Dec 20, 2007 07:25 AM|rebelvis|LINK
First: Things works fine now - the capicom (CStore.vbs) does the import and I made the binding with appcmd:
appcmd set site "Default Web Site" /bindings:https/*:443:,http/*:80:
(This did not work at first as I made the mistake of writing: appcmd set site "Default Web Site" /bindings:https/*:443,http/*:80)
(I also put accessflags with: appcmd set config "Default Web Site" -commitPath:APPHOST -section:access -sslFlags:Ssl)
The IISCertObj seems great (very easy), though I have not got it working.
So I have installed:
start /w pkgmgr /iu:IIS-IIS6ManagementCompatibility; # This does not show up in the component list in registy by itself, but IIS-WMICompatibility and IIS-Metabase seems to have dependcy to it
start /w pkgmgr /iu:IIS-ManagementScriptingTools;IIS-WMICompatibility;
start /w pkgmgr /iu:IIS-Metabase;
(I also tried IIS-ASP, but that did not do it either, so I removed it again), which brings me to the total of:
C:\>reg query hklm\software\microsoft\inetstp\components
SharedLibraries REG_DWORD 0x1
ProcessModelLibraries REG_DWORD 0x1
ProcessModel REG_DWORD 0x1
CoreWebEngine REG_DWORD 0x1
W3SVC REG_DWORD 0x1
CachingBase REG_DWORD 0x1
Caching REG_DWORD 0x1
HttpCache REG_DWORD 0x1
CompressionBinaries REG_DWORD 0x1
HttpCompressionStatic REG_DWORD 0x1
DefaultDocument REG_DWORD 0x1
DirectoryBrowse REG_DWORD 0x1
HttpProtocol REG_DWORD 0x1
StaticContent REG_DWORD 0x1
AnonymousAuthenticationBinaries REG_DWORD 0x1
AnonymousAuthentication REG_DWORD 0x1
BasicAuthenticationBinaries REG_DWORD 0x1
BasicAuthentication REG_DWORD 0x1
RequestFilteringBinaries REG_DWORD 0x1
RequestFiltering REG_DWORD 0x1
HttpErrors REG_DWORD 0x1
HttpLoggingBinaries REG_DWORD 0x1
LoggingLibraries REG_DWORD 0x1
HttpLogging REG_DWORD 0x1
RequestMonitor REG_DWORD 0x1
CGI REG_DWORD 0x1
FastCgi REG_DWORD 0x1
WMICompatibility REG_DWORD 0x1
ManagementScriptingTools REG_DWORD 0x1
Metabase REG_DWORD 0x1
ADSICompatibility REG_DWORD 0x1
But the script
set iiscertobj = CreateObject("IIS.CertObj")
C:\etc\import_ssl.vbs(2, 1) Microsoft VBScript runtime error: ActiveX component can't create object: 'IIS.CertObj'
(btw other vbs scripts runs fine (etc wmi list of services)).

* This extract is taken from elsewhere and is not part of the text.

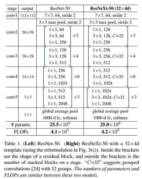 이 그림을 보면 ResNeXt는 resnet + grouped convolution이라는 것을 알 수 있다.

I did a procmon session, and (from what I can read out of it) the problem seems to be the missing of certobj.dll (in %windir%\systemd32\inetsrv) and its CLASSES in registry.. (I have also tried copying it from an iis 6, but that did not do it, and regsvr32
failed to registered due to dependencies. This result was no surprise, anyway). Mush of the same issues seems to be true for the IISCertDeploy.vbs script (though I have not procmon-ed that).
So, I have not made the IIS 6 compability mode working properly.
Thanks for your help everyone :)
I think you are going to hear from me soon as I move on to authentication and access of UNC usershares.